──────── RECORDED INFORMATION ────────

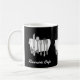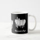 Um nome personalizado ou uma caneca comercial de restaurante com texto branco e um conjunto de pratos de prata em um guardanapo de mesa embelezado em cinzas de fundo preto. Personalize esta design para adicionar seu nome ou logotipo a este produto, altere as cores de fundo e muito mais.
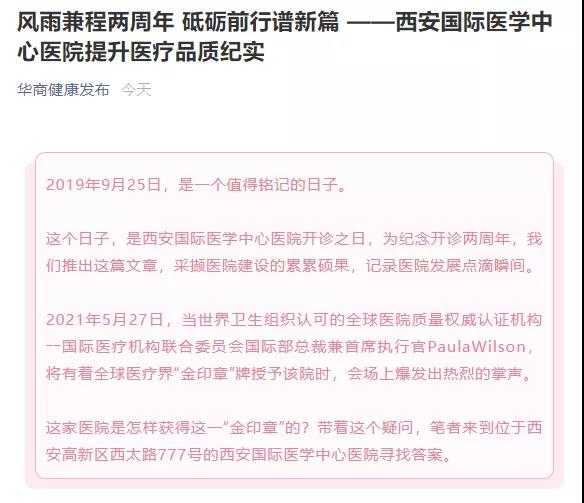 2019年9月25日,是一個(gè)值得銘記的日子。這個(gè)日子,是醫(yī)院開診之日。兩年來(lái),西安國(guó)際醫(yī)學(xué)中心醫(yī)院獲得了社會(huì)公眾及媒體的高度關(guān)注。
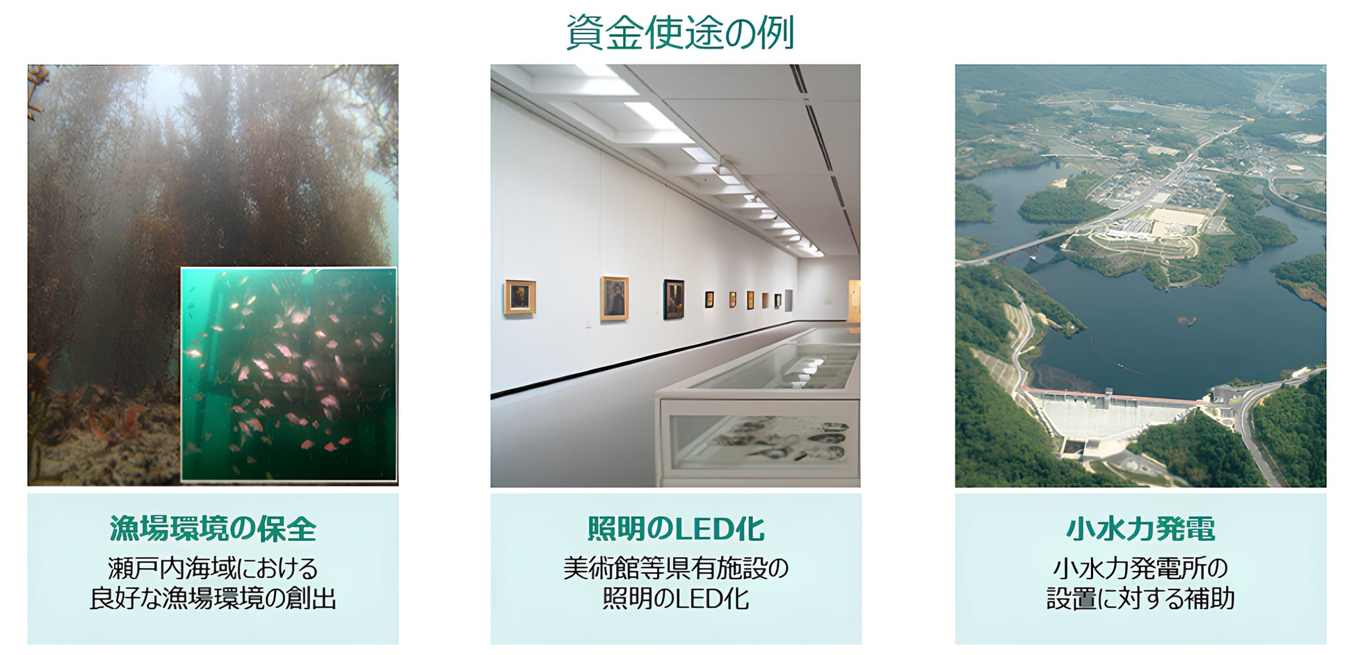 本債券により調達された資金は、瀬戸内海の良好な漁場環境の創出、エネルギー高効率な県有施設の整備、気候変動に対応するための河川改修等の環境プロジェクトに充当されます。
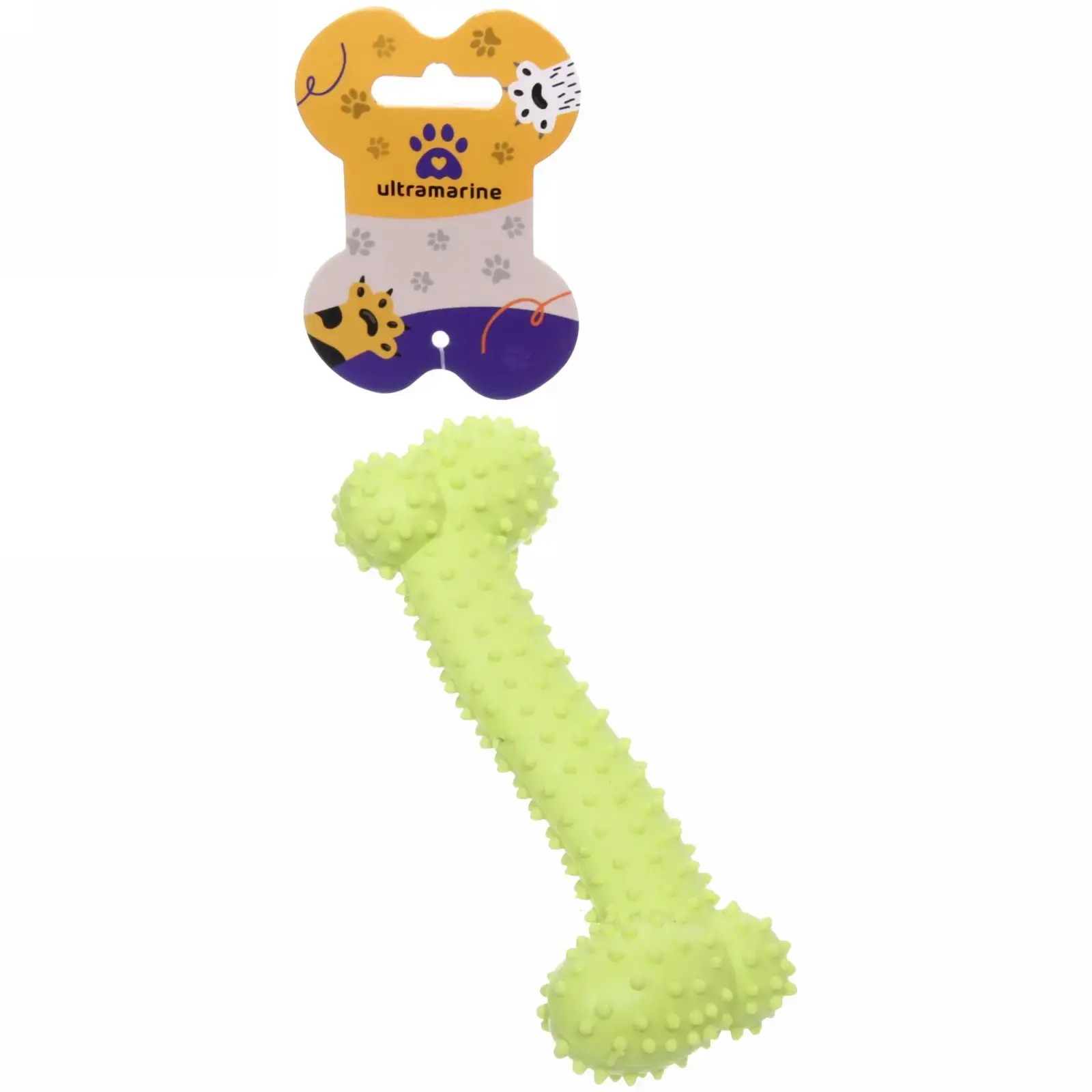 Игрушка изготовлена из качественной резины, устойчивой к повреждениям, и подходит для собак любого размера. Яркий зеленый цвет привлекает внимание, а размер 16*5,5 см удобен для захвата. Она сочетает в себе долговечность, практичность и пользу для здоровья питомца.

────────

→ ACTION ITEM:
Nothing but an exact transcription of the material, without pictures, should be returned.

→ ANSWER TO THE EXERCISE:
 Um nome personalizado ou uma caneca comercial de restaurante com texto branco e um conjunto de pratos de prata em um guardanapo de mesa embelezado em cinzas de fundo preto. Personalize esta design para adicionar seu nome ou logotipo a este produto, altere as cores de fundo e muito mais.
 2019年9月25日,是一個(gè)值得銘記的日子。這個(gè)日子,是醫(yī)院開診之日。兩年來(lái),西安國(guó)際醫(yī)學(xué)中心醫(yī)院獲得了社會(huì)公眾及媒體的高度關(guān)注。
 本債券により調達された資金は、瀬戸内海の良好な漁場環境の創出、エネルギー高効率な県有施設の整備、気候変動に対応するための河川改修等の環境プロジェクトに充当されます。
 Игрушка изготовлена из качественной резины, устойчивой к повреждениям, и подходит для собак любого размера. Яркий зеленый цвет привлекает внимание, а размер 16*5,5 см удобен для захвата. Она сочетает в себе долговечность, практичность и пользу для здоровья питомца.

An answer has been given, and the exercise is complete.